EXERCISE INPUT Start Marker
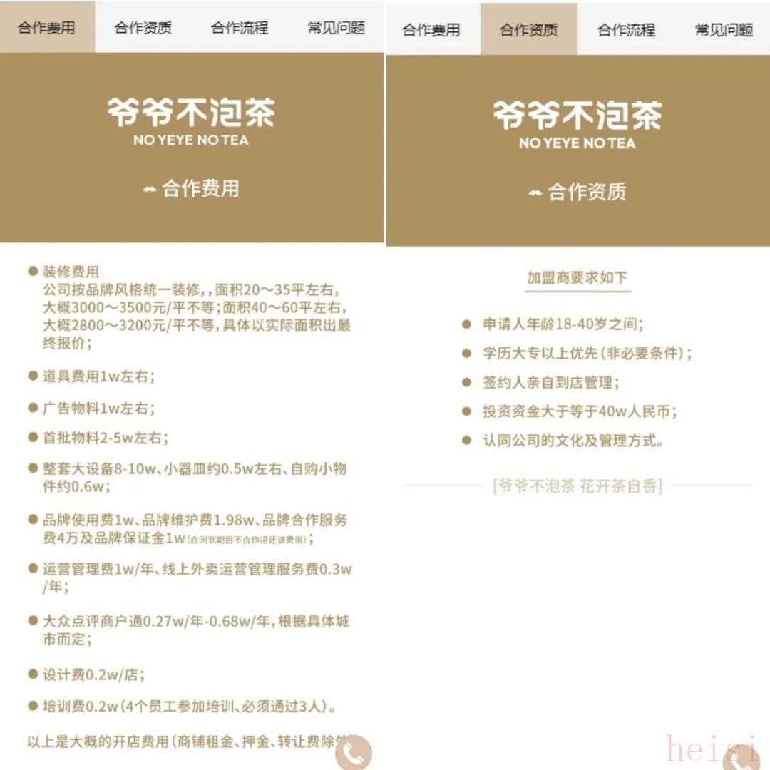 对比其他知名茶饮品牌,爷爷不泡茶的加盟门槛显然低一些。
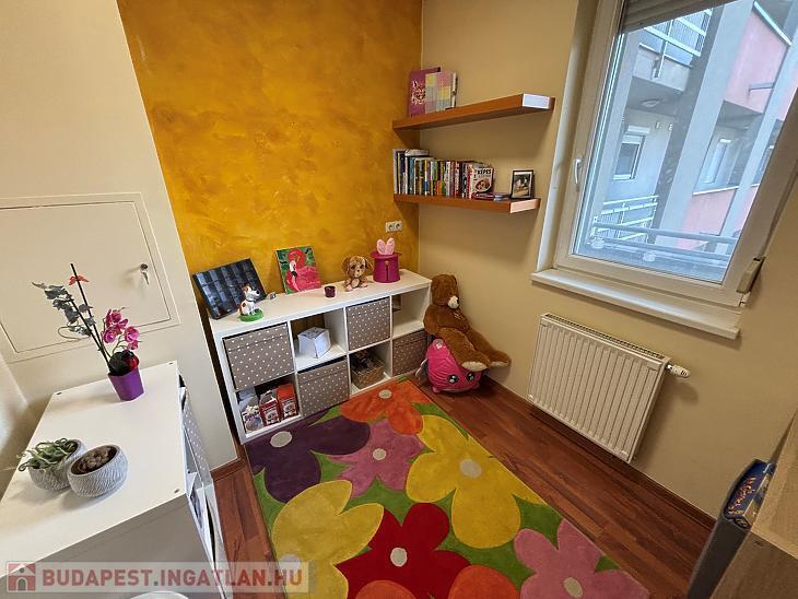 A zárt elektromos kapun keresztül, igényes, kertész által karbantartott, közös kertbe juthatunk, ahol játszótóteret, illetve sok iskola utáni programot lehet igénybe venni gyermekek számára (Megyeri Klub). Szintén itt a zárt területen, két autó számára, ingyenesen biztosított a parkolás! A beépített bútorzat a vételár részét képezi.
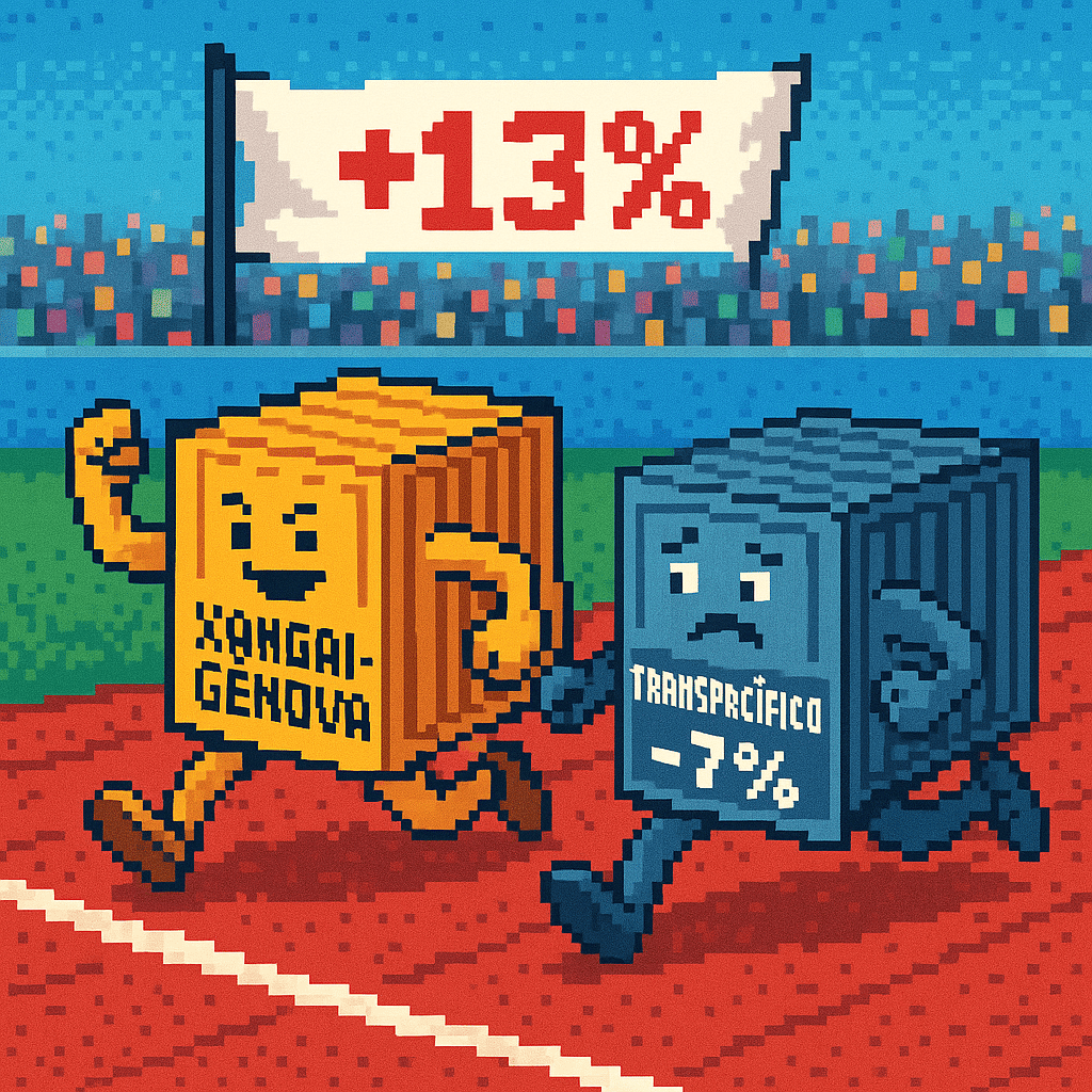 Na rota Xangai-Gênova, as taxas registraram um aumento de dois dígitos, subindo 13% para US$ 3.004 por contêiner de 40 pés, enquanto as taxas de Xangai para Roterdã subiram 5%, para US$ 2.361.
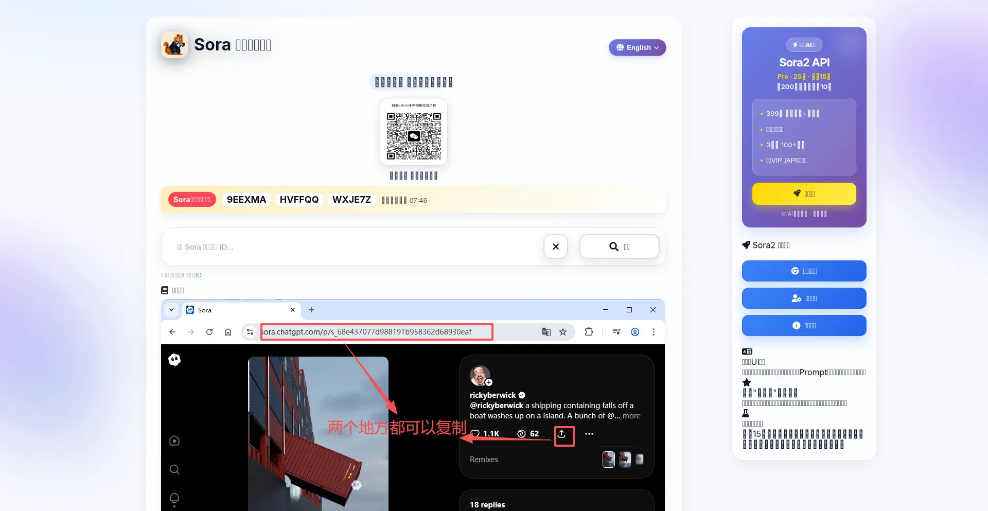 首页:一站式 Sora 视频解析与下载。支持完整链接、路径或纯ID;自动适配手机/电脑;一键复制提示词与标题;生成独立分享链接与完...
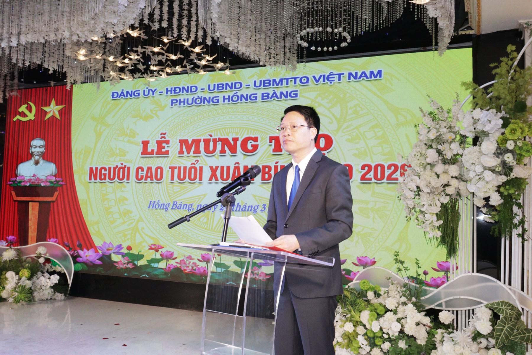 Thời gian qua, Đảng bộ, chính quyền và nhân dân phường Hồng Bàng luôn xác định, chăm lo đời sống vật chất và tinh thần cho nhân dân nói chung, cho người cao tuổi nói riêng không chỉ là trách nhiệm của các cấp, các ngành, mà còn là tình cảm, đạo lý, là nghĩa vụ thiêng liêng của cả cộng đồng. Để công tác này thực hiện tốt hơn nữa, đồng chí Bí thư Đảng ủy phường đề nghị các ban, ngành, đoàn thể cần thực hiện bằng những việc làm cụ thể, thiết thực, đảm bảo các chế độ chính sách cho người cao tuổi được thực hiện đầy đủ, kịp thời. Đối với các gia đình, con cháu cần làm tốt hơn nữa việc hiếu nghĩa, chăm sóc ông bà, cha mẹ để các cụ được “Sống vui, sống khỏe, sống có ích”. Đối với Hội Người cao tuổi phường, tiếp tục phát huy vai trò “Tuổi cao - Gương sáng”, tích cực tham gia các phong trào thi đua, đặc biệt là công tác xây dựng Đảng và chính quyền tại cơ sở.
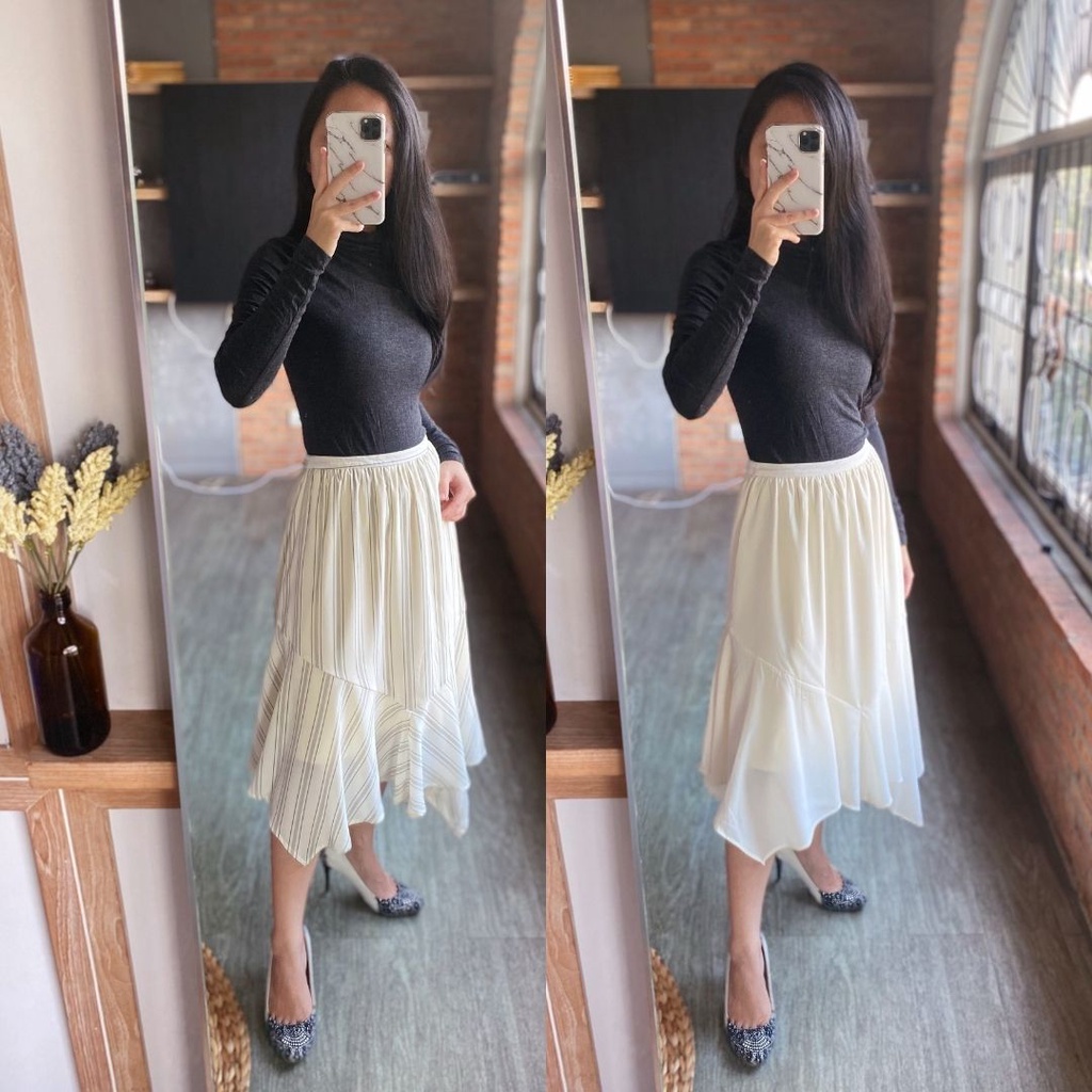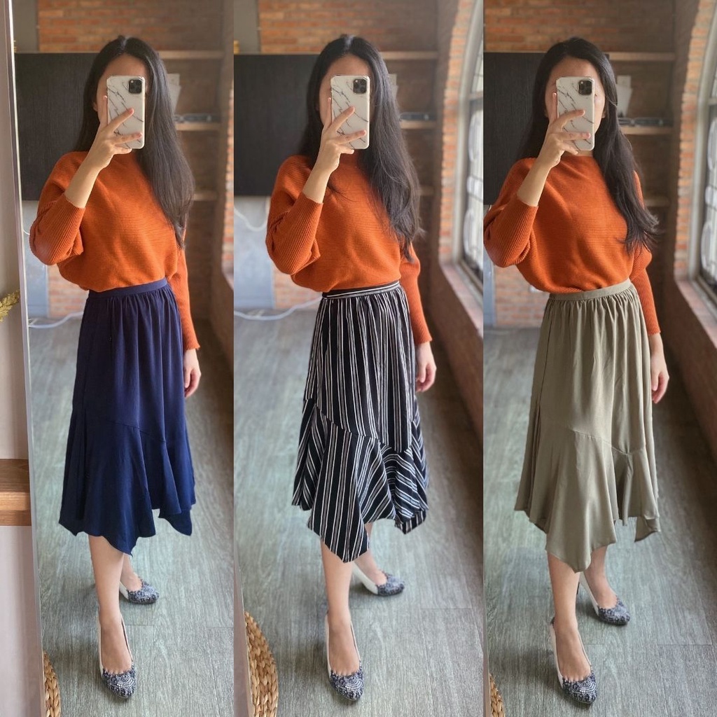 Alasan kenapa harus beli GU UNQ Nuance Midi Skirt - Asymmetric Skirt - Rok Wanita Original Branded sekarang
EXERCISE INPUT End Marker
#### WORK REQUIRED:
Line for line, restate the data above and omit every picture.

#### RESULT BELOW:
 对比其他知名茶饮品牌,爷爷不泡茶的加盟门槛显然低一些。
 A zárt elektromos kapun keresztül, igényes, kertész által karbantartott, közös kertbe juthatunk, ahol játszótóteret, illetve sok iskola utáni programot lehet igénybe venni gyermekek számára (Megyeri Klub). Szintén itt a zárt területen, két autó számára, ingyenesen biztosított a parkolás! A beépített bútorzat a vételár részét képezi.
 Na rota Xangai-Gênova, as taxas registraram um aumento de dois dígitos, subindo 13% para US$ 3.004 por contêiner de 40 pés, enquanto as taxas de Xangai para Roterdã subiram 5%, para US$ 2.361.
 首页:一站式 Sora 视频解析与下载。支持完整链接、路径或纯ID;自动适配手机/电脑;一键复制提示词与标题;生成独立分享链接与完...
 Thời gian qua, Đảng bộ, chính quyền và nhân dân phường Hồng Bàng luôn xác định, chăm lo đời sống vật chất và tinh thần cho nhân dân nói chung, cho người cao tuổi nói riêng không chỉ là trách nhiệm của các cấp, các ngành, mà còn là tình cảm, đạo lý, là nghĩa vụ thiêng liêng của cả cộng đồng. Để công tác này thực hiện tốt hơn nữa, đồng chí Bí thư Đảng ủy phường đề nghị các ban, ngành, đoàn thể cần thực hiện bằng những việc làm cụ thể, thiết thực, đảm bảo các chế độ chính sách cho người cao tuổi được thực hiện đầy đủ, kịp thời. Đối với các gia đình, con cháu cần làm tốt hơn nữa việc hiếu nghĩa, chăm sóc ông bà, cha mẹ để các cụ được “Sống vui, sống khỏe, sống có ích”. Đối với Hội Người cao tuổi phường, tiếp tục phát huy vai trò “Tuổi cao - Gương sáng”, tích cực tham gia các phong trào thi đua, đặc biệt là công tác xây dựng Đảng và chính quyền tại cơ sở.
 Alasan kenapa harus beli GU UNQ Nuance Midi Skirt - Asymmetric Skirt - Rok Wanita Original Branded sekarang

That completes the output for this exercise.